Ignacio Alastra

Personal information
- Full name: Ignacio Alastra
- Date of birth: 29 October 2007 (age 18)
- Place of birth: Luján de Cuyo, Argentina
- Height: 1.75 m (5 ft 9 in)
- Position: Forward

Team information
- Current team: Talleres
- Number: 24

Youth career
- Talleres

Senior career*
- Years: Team / Apps / (Gls)
- 2025–: Talleres / 2 / (0)

= Ignacio Alastra =

Argentine footballer (born 2007)

Ignacio Alastra (born 29 October 2007) is an Argentine professional footballer who plays as a forward for Talleres.

== Club career ==

Born in Luján de Cuyo, Mendoza Province, Alastra is a youth product of CA Talleres.

In April 2025, he signed his first professional contract with Talleres.

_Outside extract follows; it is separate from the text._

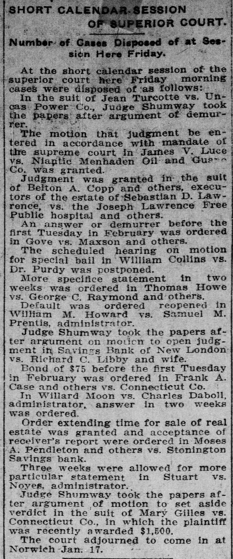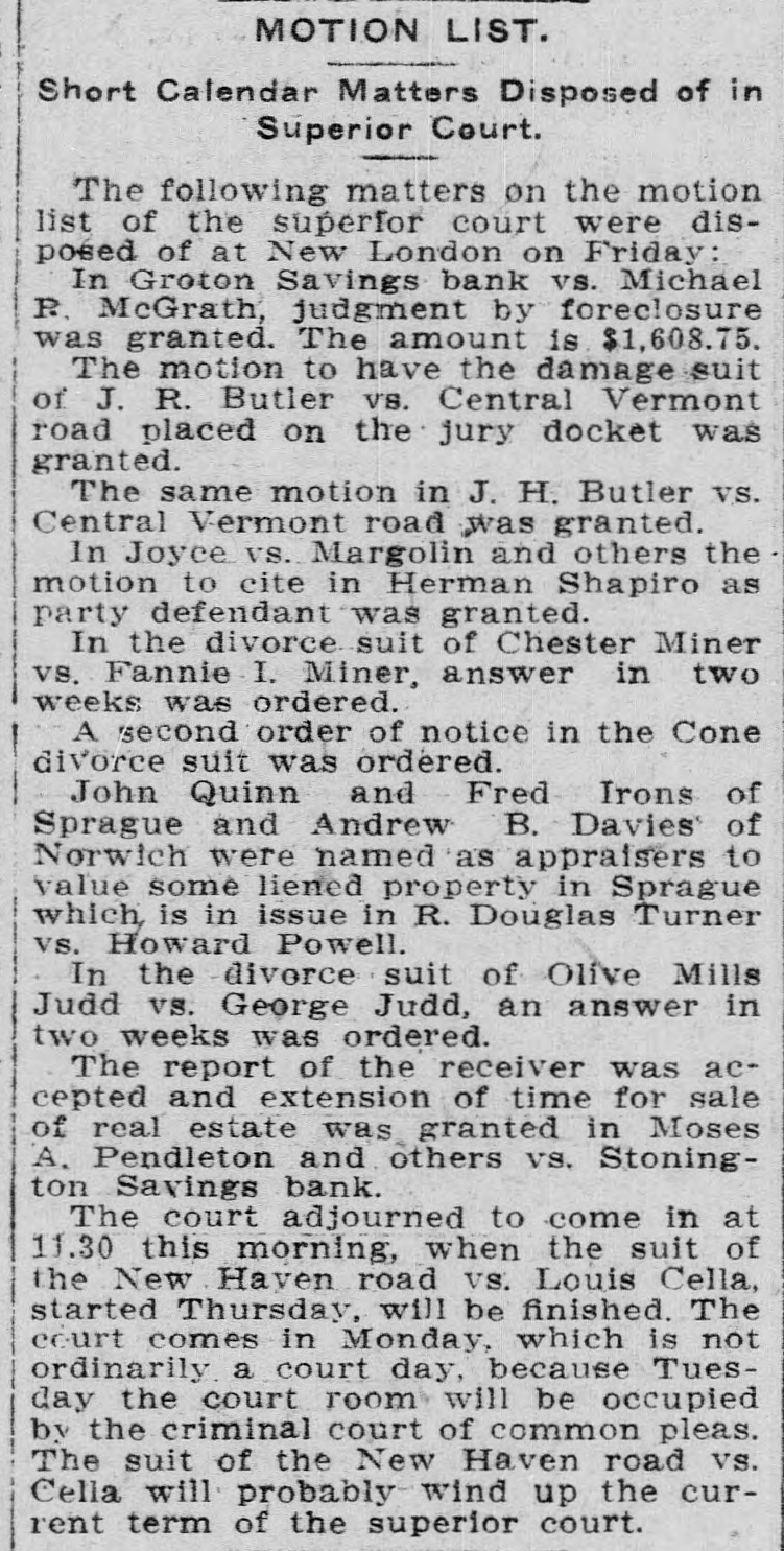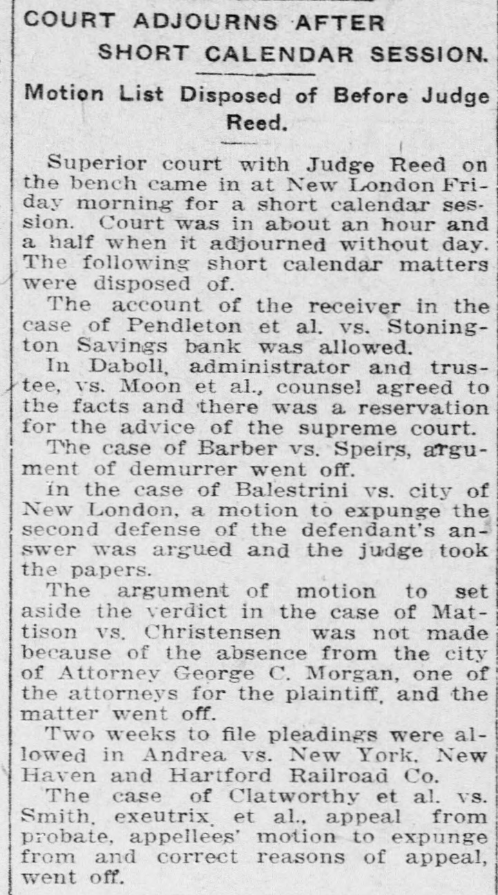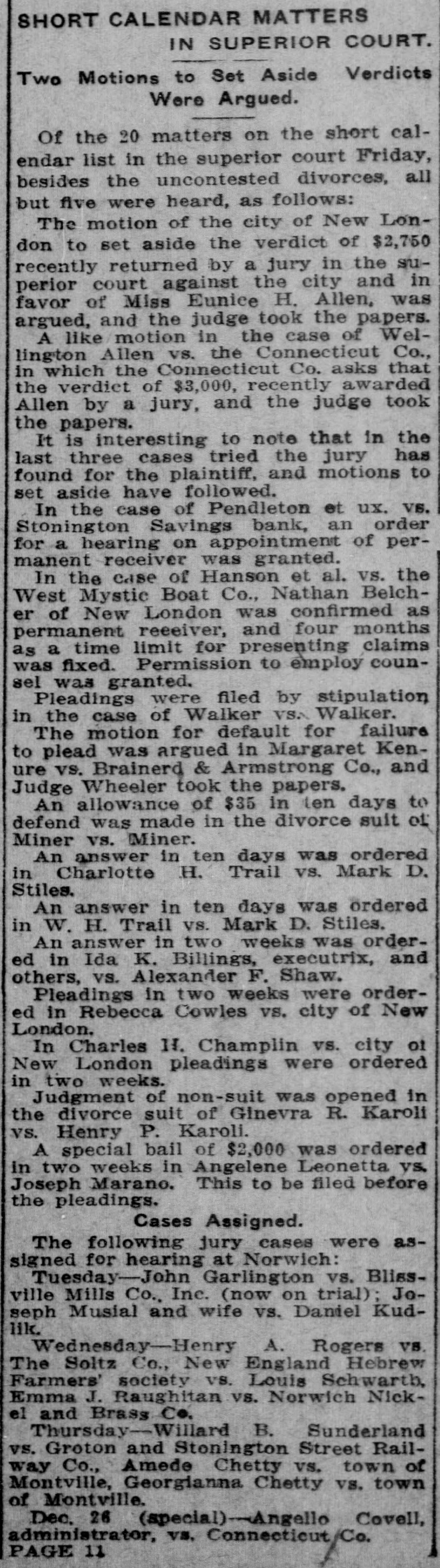 SHORT CALENDAR MATTERS IN SUPERIOR COURT. Two Motions to Set Aside Verdicts Were Argued. Of the 20 matters on the short calendar list in the superior court Friday, besides the uncontested divorces, all but five were heard, as follows: The motion of the city of New London to set aside the verdict of $2,750 recently returned by a jury in the superior court against the city and in favor of Miss Eunice H. Allen, was argued, and the judge took the papers. A like motion in the case of Wellington Allen vs. the Connecticut Co., in which the Connecticut Co. asks that the verdict of $3,000, recently awarded Allen by a jury, and the judge took the papers. It is interesting to note that in the last three cases tried the jury has found for the plaintiff, and motions to set aside have followed. In the case of Pendleton et ux. VS. Stonington Savings bank, an order for a hearing on appointment of permanent receiver was granted. In the case of Hanson et al. vs. the West Mystic Boat Co., Nathan Belcher of New London was confirmed as permanent receiver, and four months as a time limit for presenting claims was fixed. Permission to employ counsel was granted. Pleadings were filed by stipulation in the case of Walker VSA Walker. The motion for default for failure to plead was argued in Margaret Kenure vs. Brainerd & Armstrong Co., and Judge Wheeler took the papers. An allowance of $35 in ten days to defend was made in the divorce suit of Miner vs. Miner. An answer in ten days was ordered in Charlotte H. Trail vs. Mark D. Stiles. An answer in ten days was ordered in W. H. Trail VS. Mark D. Stiles. An answer in two weeks was ordered in Ida K. Billings, executrix, and others, vs. Alexander F. Shaw. Pleadings in two weeks were ordered in Rebecca Cowles vs. city of New London. In Charles II. Champlin vs. city of New London pleadings were ordered in two weeks. Judgment of non-suit was opened in the divorce suit of Ginevra R. Karoli vs. Henry P. Karoli. A special bail of $2,000 was ordered in two weeks in Angelene Leonetta ys. Joseph Marano. This to be filed before the pleadings. Cases Assigned. The following jury cases were assigned for hearing at Norwich: Tuesday-John Garlington vs. Blissville Mills Co., Inc. (now on trial); Joseph Musial and wife vs. Daniel Kudlik. Wednesday-Henry A. Rogers VS. The Soltz Co., New England Hebrew Farmers' society VS. Louis Schwarth, Emma J. Raughitan VS. Norwich Nickel and Brass Co. Thursday-Willard B. Sunderland vs. Groton and Stonington Street Railway Co., Amede Chetty vs. town of Montville, Georgianna Chetty vs. town of Montville. Dec. 26 (special)-Angello Covell, administrator, vs, Connecticut Co. PAGE 11

Alastra made his professional debut with Talleres in a 0–0 Argentine Primera División draw against Newell's Old Boys on 18 August 2025. He came on as a 73rd-minute substitute for Rick.

== Personal life ==
Alastra is the son of former Argentine professional footballer Guillermo Alastra who had spells at Deportivo Guaymallén, Gimnasia y Esgrima de Mendoza, Independiente Rivadavia, and San Martín de Mendoza.